Starting point is 00:02:05 I follow everything. I was born into the world of soccer, but really my dad was more involved in the NBA. I came to soccer, look at it as a business opportunity and Access You, the program that I'm running now, was born out of this massive Hispanic marketing program we created because after the 2000 census, we saw these huge Hispanic members and we knew that the way to get to these kids was through soccer. That's when I really tapped into my dad's, I inherited my dad's soccer business acumen. This program we ran with the support of all these brands was a free program for Hispanic kids across the country. We produced events in 41 cities, youth clinics, coaching clinics, tournaments, and it was all free to these kids.
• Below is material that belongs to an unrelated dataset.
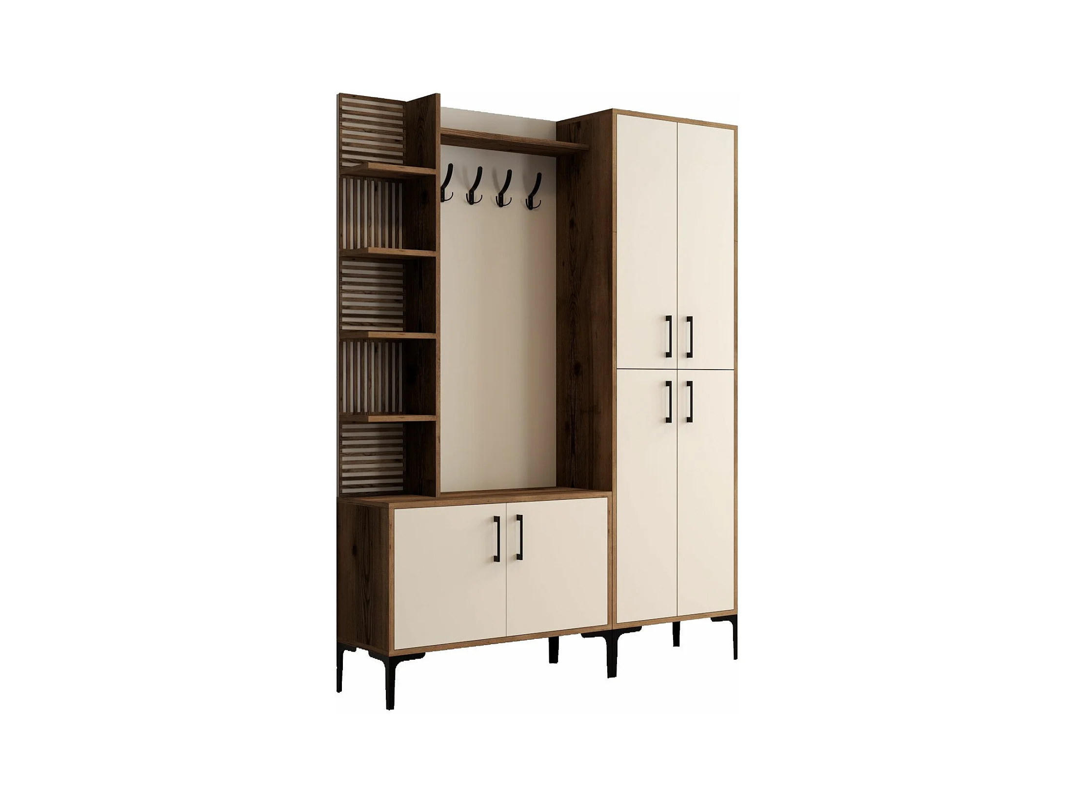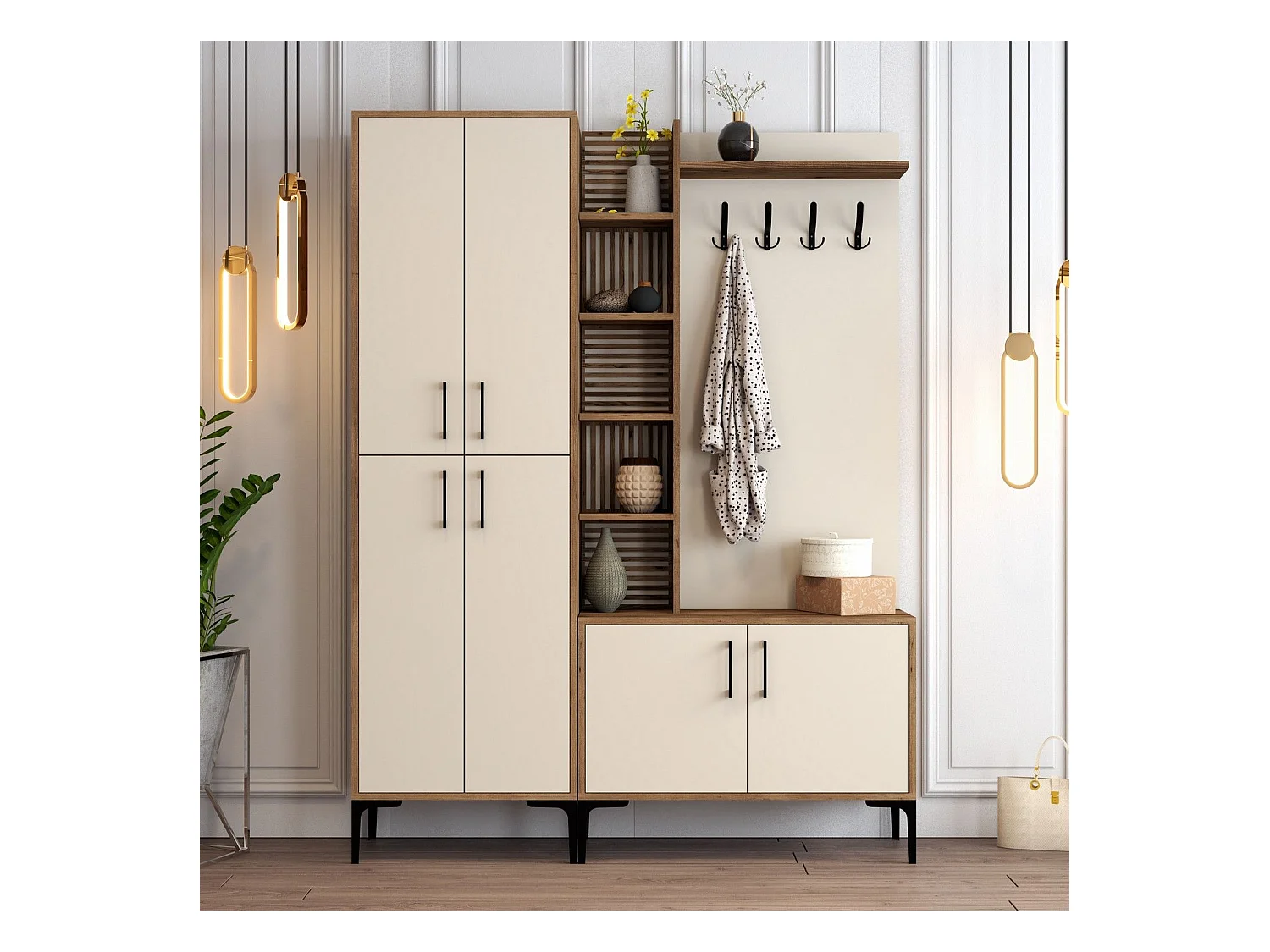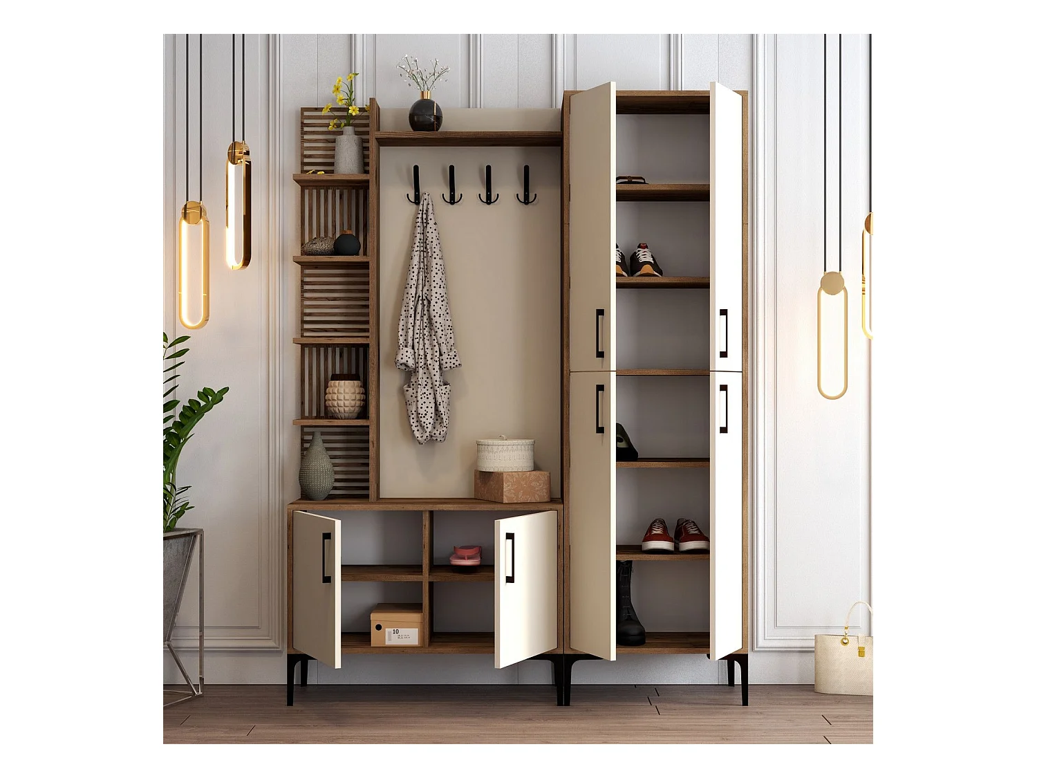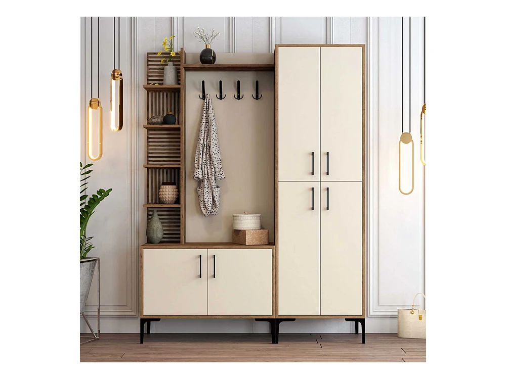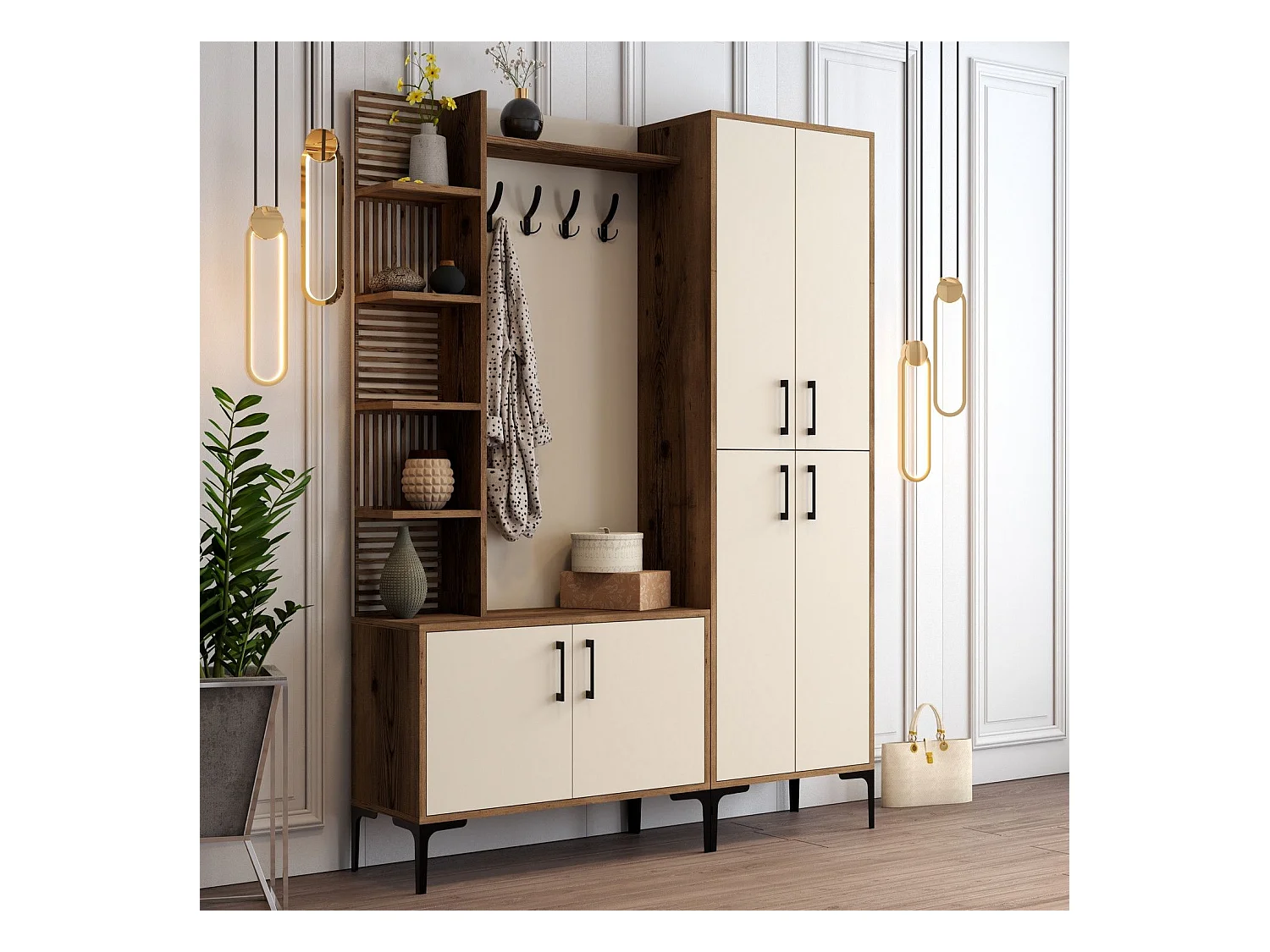 Ensemble armoire et porte manteau Vicente Bois foncé et Blanc crème

One thing we did was this open tryout,
Starting point is 00:02:43 which very quickly became the voice of the program. A small percentage of those 25,000 people were coming to try out. But very quickly, we found some super, super talented kids. Many of them went on to play pro in Mexico, a few here in the U.S. A couple went to the English Premier League. But the real story we learned was there were a lot of kids good enough to go to college, never good enough to be pro, even if they were dreaming about it. And that's why Access You was born to help them parlay their soccer skills into college education, get scholarships, and graduate debt-free. It's a fascinating ecosystem. The way soccer is so globally important, and yet it's grown and you would have more data than me. It's growing in the U.S. as we become more acculturated
Starting point is 00:03:24 and Hispanic-dominated and just a lot of mixes of other worldly cultures. It comes with the territory, and I think we get more exposed to it. All those things happen. But it's always been interesting to me, why is it so tertiary? Is it just sort of one of those things where popular things become more popular, like it feeds itself, self-fulfilling prophecy, or is it deeper than that? I remember, as I said, growing up in my dad's business world, it was really about the NBA, and I remember he was on the board of governors.
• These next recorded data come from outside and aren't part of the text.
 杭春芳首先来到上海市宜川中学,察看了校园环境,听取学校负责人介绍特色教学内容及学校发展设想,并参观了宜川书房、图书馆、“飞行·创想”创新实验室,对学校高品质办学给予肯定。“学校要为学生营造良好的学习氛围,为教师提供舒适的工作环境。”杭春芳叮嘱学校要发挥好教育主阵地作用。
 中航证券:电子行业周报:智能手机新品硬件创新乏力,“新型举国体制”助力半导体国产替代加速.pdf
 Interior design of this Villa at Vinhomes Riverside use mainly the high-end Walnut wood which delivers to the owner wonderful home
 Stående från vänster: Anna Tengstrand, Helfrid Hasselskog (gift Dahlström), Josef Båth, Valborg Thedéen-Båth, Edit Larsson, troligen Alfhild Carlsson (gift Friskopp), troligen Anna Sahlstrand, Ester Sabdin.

Starting point is 00:03:51 Before Magic and Larry, there were only five teams making money, at least in California. California, we had to watch the NBA finals on CBS after the 11 o'clock evening news. Then Larry and Magic showed up, followed by Michael Jordan. And, you know, David Stern, the commissioner, had everything set in place to succeed. But the same kind of thing is going to happen with soccer one day. That's part of the objection I had to the pay-to-play system is that it really prevents those kids playing in the inner cities. African-American kids in L.A., Kansas City, and Atlanta, aren't being scouted and seen and developed because they don't have the money to play into the system. The next Lionel Messi, the next Maradonna or Pellet, might very well be living in like the 10,000 block at least Olympic Boulevard in L.A.
Starting point is 00:04:32 We just don't know. I feel like soccer's doing a lot right. The league is on its feet. And they're ready for Michael Jordan to show up and change everything. Sometimes it just takes that kind of luck. Star power. It does fascinate me. I think you're nailing a lot of what made these other basketball, especially, the star power.